- _Collected material_:
****************************************
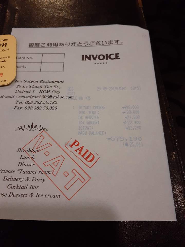먼저 Zen 이라는 일식집에 갔다. 호치민에 초밥집은 많으나 일식집은 별로 없어서 나름 기대를 하고 들어감. 메뉴는 제일 비싸게 적힌 코스요리를 골랐다(그래봐야 한국에 비하면 매우 싸다)
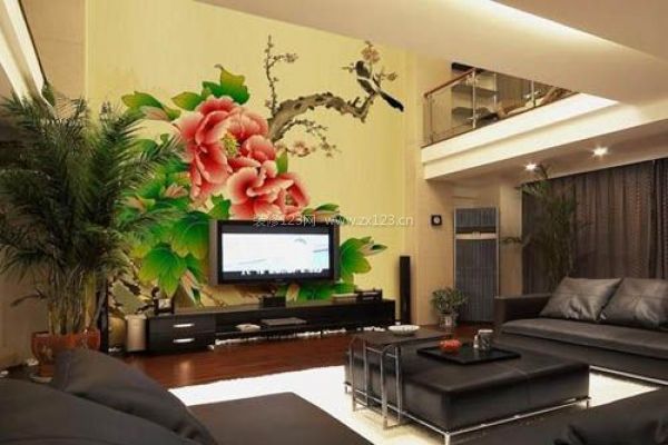 電視背景墻選擇需深于墻面顏色,根據(jù)個(gè)人愛好和客廳所選壁畫來綜合選擇。如果造型復(fù)雜、面積不大,建議不要選用花型過大的圖案,這樣顯示不出來花型的效果。
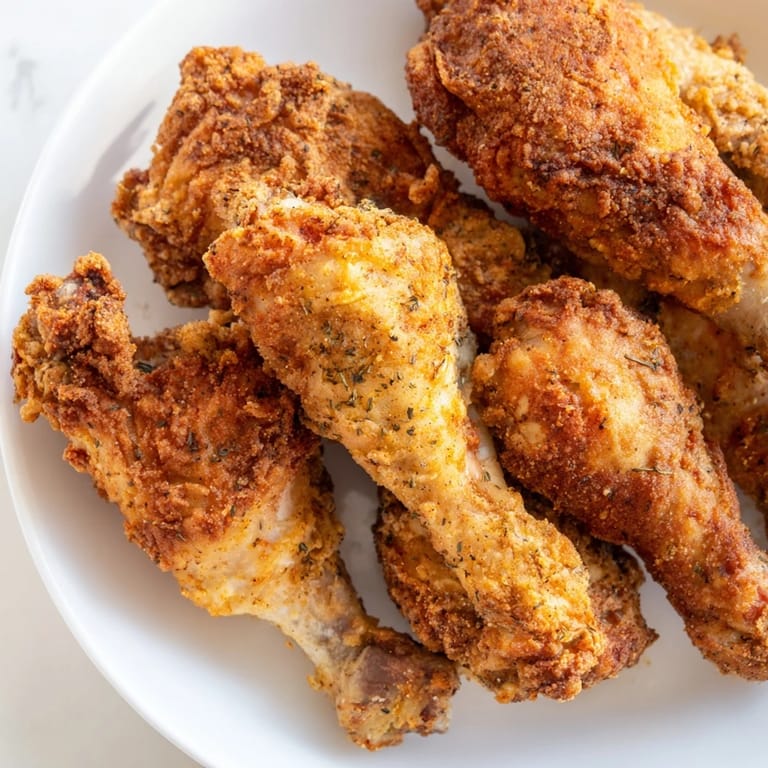 Most people under-season fried chicken because they're nervous about adding salt, but you need it both in the marinade and in the coating. The salt in the buttermilk penetrates the meat and seasons it from within, while the salt in the flour coating stays on the surface where your taste buds encounter it first—that double-layer approach is what makes professional fried chicken taste so memorable. The smoked paprika is there not just for color but for depth; it adds an almost imperceptible smokiness that makes people wonder why your version tastes more interesting than the standard kind.
****************************************
- _What you have to do_: The full listing above, duplicated exactly and without its pictures, is the answer.

- _Expected output_:
먼저 Zen 이라는 일식집에 갔다. 호치민에 초밥집은 많으나 일식집은 별로 없어서 나름 기대를 하고 들어감. 메뉴는 제일 비싸게 적힌 코스요리를 골랐다(그래봐야 한국에 비하면 매우 싸다)
 電視背景墻選擇需深于墻面顏色,根據(jù)個(gè)人愛好和客廳所選壁畫來綜合選擇。如果造型復(fù)雜、面積不大,建議不要選用花型過大的圖案,這樣顯示不出來花型的效果。
 Most people under-season fried chicken because they're nervous about adding salt, but you need it both in the marinade and in the coating. The salt in the buttermilk penetrates the meat and seasons it from within, while the salt in the flour coating stays on the surface where your taste buds encounter it first—that double-layer approach is what makes professional fried chicken taste so memorable. The smoked paprika is there not just for color but for depth; it adds an almost imperceptible smokiness that makes people wonder why your version tastes more interesting than the standard kind.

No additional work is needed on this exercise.